(Collected data)
○ ○ ○

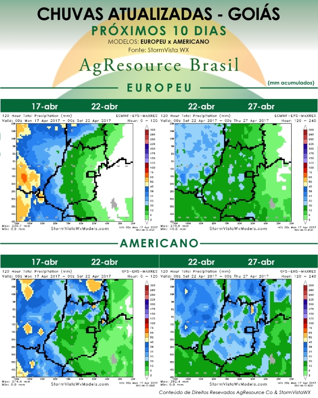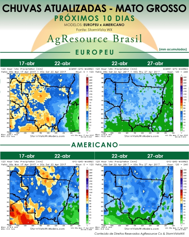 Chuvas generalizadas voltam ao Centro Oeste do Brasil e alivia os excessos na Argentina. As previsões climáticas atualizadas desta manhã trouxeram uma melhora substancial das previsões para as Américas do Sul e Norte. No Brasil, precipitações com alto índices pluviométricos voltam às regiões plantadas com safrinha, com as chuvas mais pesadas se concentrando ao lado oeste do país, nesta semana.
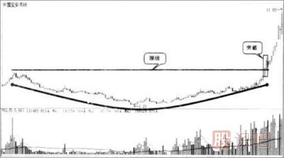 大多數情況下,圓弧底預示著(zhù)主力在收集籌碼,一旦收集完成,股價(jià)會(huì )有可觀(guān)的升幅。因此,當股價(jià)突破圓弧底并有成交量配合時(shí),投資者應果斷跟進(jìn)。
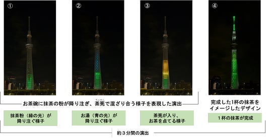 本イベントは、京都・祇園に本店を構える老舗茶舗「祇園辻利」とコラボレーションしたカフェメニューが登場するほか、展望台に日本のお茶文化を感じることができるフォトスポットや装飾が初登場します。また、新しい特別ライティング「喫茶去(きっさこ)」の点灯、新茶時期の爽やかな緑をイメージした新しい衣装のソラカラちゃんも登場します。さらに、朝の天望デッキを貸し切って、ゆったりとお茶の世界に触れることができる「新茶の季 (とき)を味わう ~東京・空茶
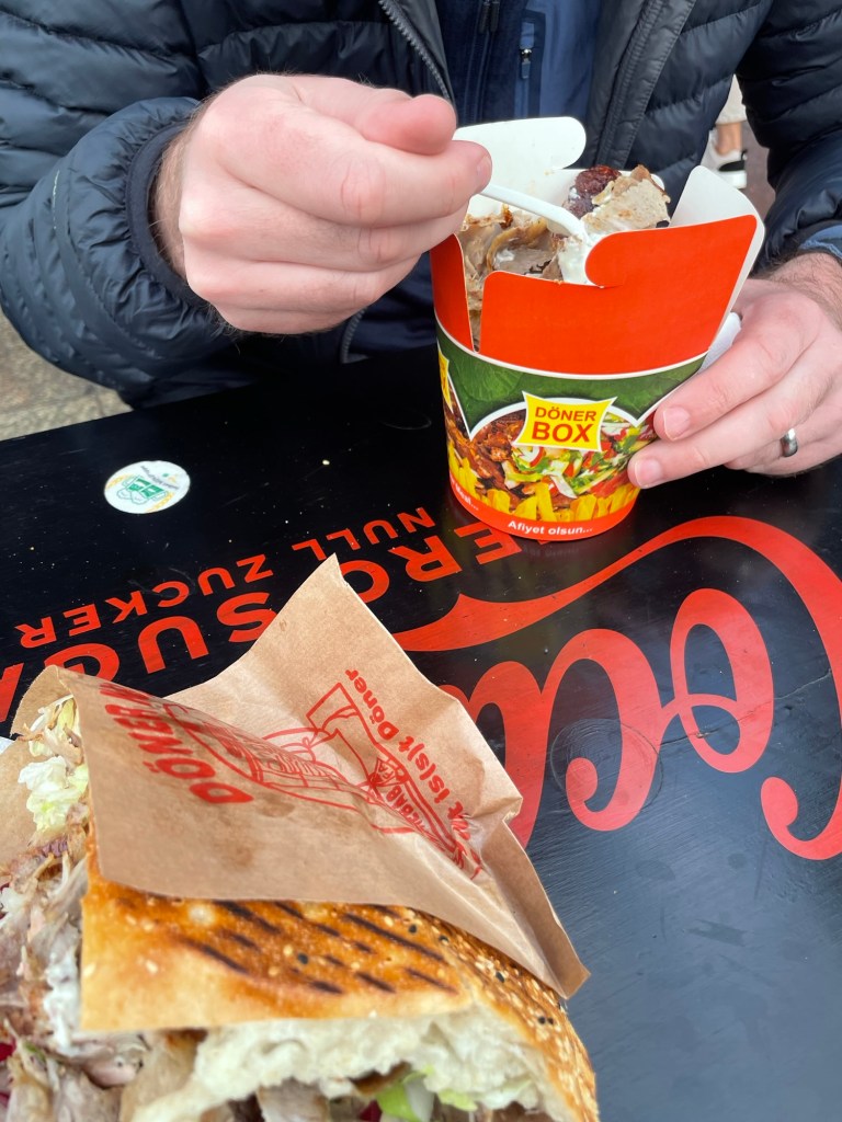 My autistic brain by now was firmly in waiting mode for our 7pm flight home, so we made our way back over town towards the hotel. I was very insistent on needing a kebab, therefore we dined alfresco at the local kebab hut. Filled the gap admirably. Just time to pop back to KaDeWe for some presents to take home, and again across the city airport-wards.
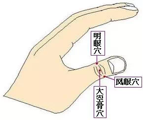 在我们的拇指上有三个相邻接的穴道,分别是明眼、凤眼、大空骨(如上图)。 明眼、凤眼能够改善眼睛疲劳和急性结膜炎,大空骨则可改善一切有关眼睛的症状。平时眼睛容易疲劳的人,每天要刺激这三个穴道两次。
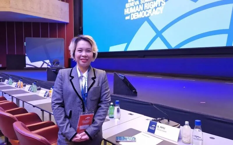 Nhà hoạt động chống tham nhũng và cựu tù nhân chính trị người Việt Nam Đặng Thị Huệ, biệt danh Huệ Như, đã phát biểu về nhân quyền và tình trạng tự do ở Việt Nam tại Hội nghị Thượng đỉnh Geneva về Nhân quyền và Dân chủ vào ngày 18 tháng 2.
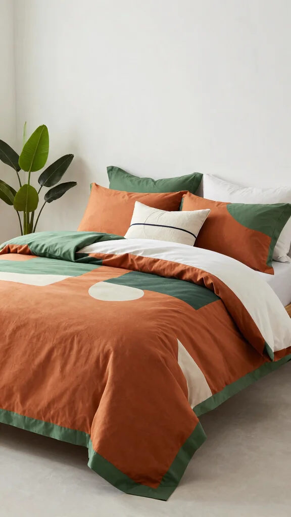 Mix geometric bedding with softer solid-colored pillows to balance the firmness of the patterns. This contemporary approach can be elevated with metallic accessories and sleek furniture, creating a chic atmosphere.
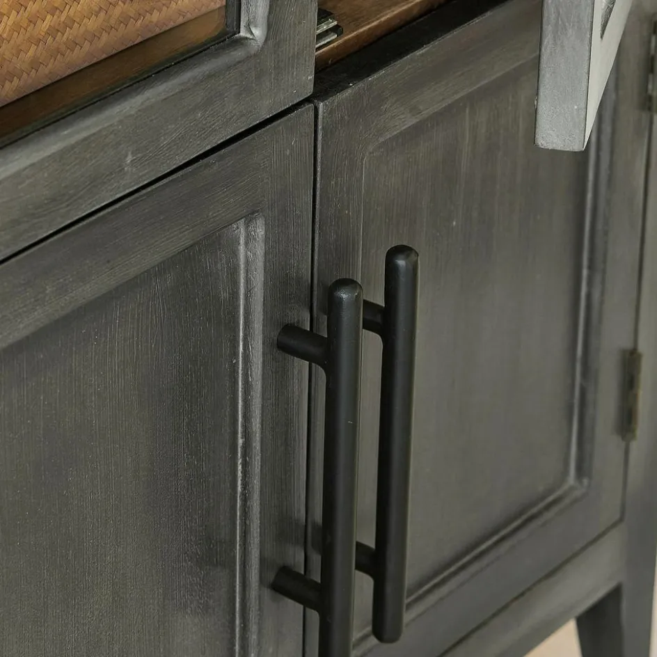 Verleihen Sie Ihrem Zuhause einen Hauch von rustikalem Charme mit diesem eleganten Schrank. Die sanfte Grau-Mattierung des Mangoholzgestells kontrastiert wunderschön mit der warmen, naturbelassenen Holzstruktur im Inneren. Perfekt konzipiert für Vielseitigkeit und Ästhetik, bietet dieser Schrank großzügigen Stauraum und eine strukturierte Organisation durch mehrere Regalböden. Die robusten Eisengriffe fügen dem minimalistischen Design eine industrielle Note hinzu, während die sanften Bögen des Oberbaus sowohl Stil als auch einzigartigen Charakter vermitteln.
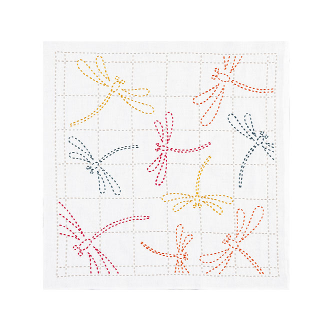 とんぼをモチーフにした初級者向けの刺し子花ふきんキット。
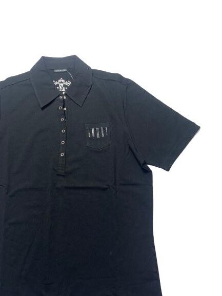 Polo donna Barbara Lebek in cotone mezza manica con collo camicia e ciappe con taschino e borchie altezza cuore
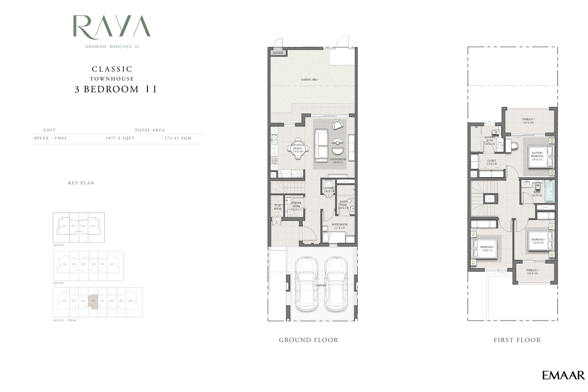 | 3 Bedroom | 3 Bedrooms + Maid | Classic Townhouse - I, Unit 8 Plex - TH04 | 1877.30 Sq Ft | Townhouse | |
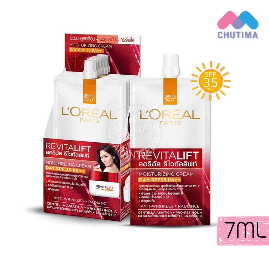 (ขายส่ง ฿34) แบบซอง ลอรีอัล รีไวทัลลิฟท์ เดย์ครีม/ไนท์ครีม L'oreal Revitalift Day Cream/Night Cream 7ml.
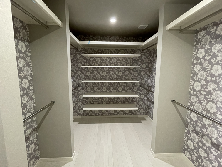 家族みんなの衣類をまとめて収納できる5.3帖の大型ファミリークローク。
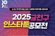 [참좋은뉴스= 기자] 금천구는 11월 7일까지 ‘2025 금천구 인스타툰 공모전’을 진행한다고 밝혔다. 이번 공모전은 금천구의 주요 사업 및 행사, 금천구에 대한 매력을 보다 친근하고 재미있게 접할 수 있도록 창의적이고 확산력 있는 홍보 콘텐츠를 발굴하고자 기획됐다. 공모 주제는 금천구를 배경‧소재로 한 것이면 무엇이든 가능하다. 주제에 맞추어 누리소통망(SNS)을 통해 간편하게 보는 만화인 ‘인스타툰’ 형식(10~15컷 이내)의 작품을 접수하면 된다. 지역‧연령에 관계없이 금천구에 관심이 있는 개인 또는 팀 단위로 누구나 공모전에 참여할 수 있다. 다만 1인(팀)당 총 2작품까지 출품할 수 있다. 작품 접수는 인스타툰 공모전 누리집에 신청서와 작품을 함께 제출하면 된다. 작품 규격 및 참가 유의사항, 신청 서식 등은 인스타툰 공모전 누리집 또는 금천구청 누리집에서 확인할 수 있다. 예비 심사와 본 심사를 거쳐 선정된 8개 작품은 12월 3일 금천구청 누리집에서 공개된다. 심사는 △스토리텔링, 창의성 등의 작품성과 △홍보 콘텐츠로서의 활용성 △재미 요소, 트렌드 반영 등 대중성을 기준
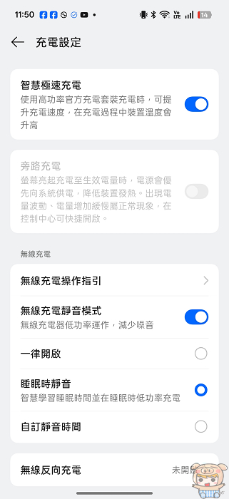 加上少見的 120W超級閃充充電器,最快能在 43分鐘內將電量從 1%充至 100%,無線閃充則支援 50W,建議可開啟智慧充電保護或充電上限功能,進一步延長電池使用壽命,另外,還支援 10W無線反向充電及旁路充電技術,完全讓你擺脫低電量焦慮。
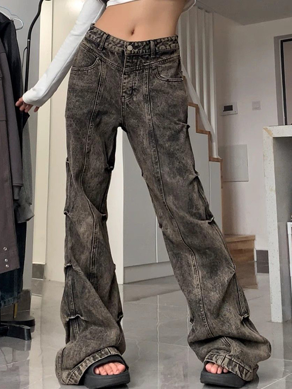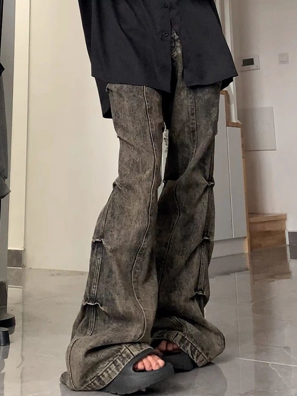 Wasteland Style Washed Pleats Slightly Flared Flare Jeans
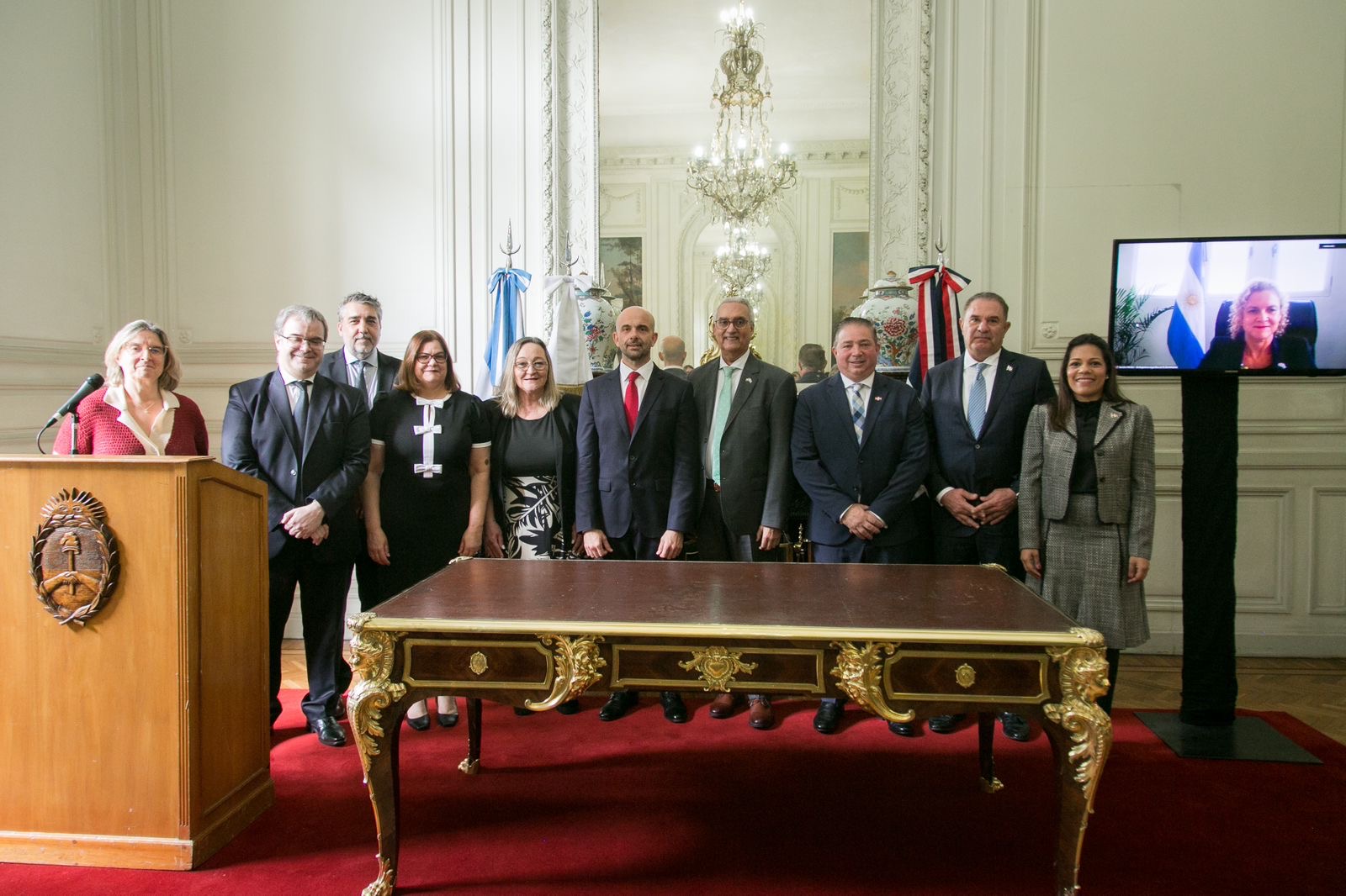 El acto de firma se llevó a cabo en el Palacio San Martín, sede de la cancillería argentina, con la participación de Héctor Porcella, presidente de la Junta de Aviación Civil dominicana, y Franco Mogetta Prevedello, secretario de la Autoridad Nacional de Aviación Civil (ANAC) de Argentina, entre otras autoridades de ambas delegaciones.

○ ○ ○

Return exactly the lines above, from the one with "Nhà hoạt động" up to and including the one with "とんぼをモチーフにした初級者向けの刺し子花ふきんキット。", and include no pictures.

 Nhà hoạt động chống tham nhũng và cựu tù nhân chính trị người Việt Nam Đặng Thị Huệ, biệt danh Huệ Như, đã phát biểu về nhân quyền và tình trạng tự do ở Việt Nam tại Hội nghị Thượng đỉnh Geneva về Nhân quyền và Dân chủ vào ngày 18 tháng 2.
 Mix geometric bedding with softer solid-colored pillows to balance the firmness of the patterns. This contemporary approach can be elevated with metallic accessories and sleek furniture, creating a chic atmosphere.
 Verleihen Sie Ihrem Zuhause einen Hauch von rustikalem Charme mit diesem eleganten Schrank. Die sanfte Grau-Mattierung des Mangoholzgestells kontrastiert wunderschön mit der warmen, naturbelassenen Holzstruktur im Inneren. Perfekt konzipiert für Vielseitigkeit und Ästhetik, bietet dieser Schrank großzügigen Stauraum und eine strukturierte Organisation durch mehrere Regalböden. Die robusten Eisengriffe fügen dem minimalistischen Design eine industrielle Note hinzu, während die sanften Bögen des Oberbaus sowohl Stil als auch einzigartigen Charakter vermitteln.
 とんぼをモチーフにした初級者向けの刺し子花ふきんキット。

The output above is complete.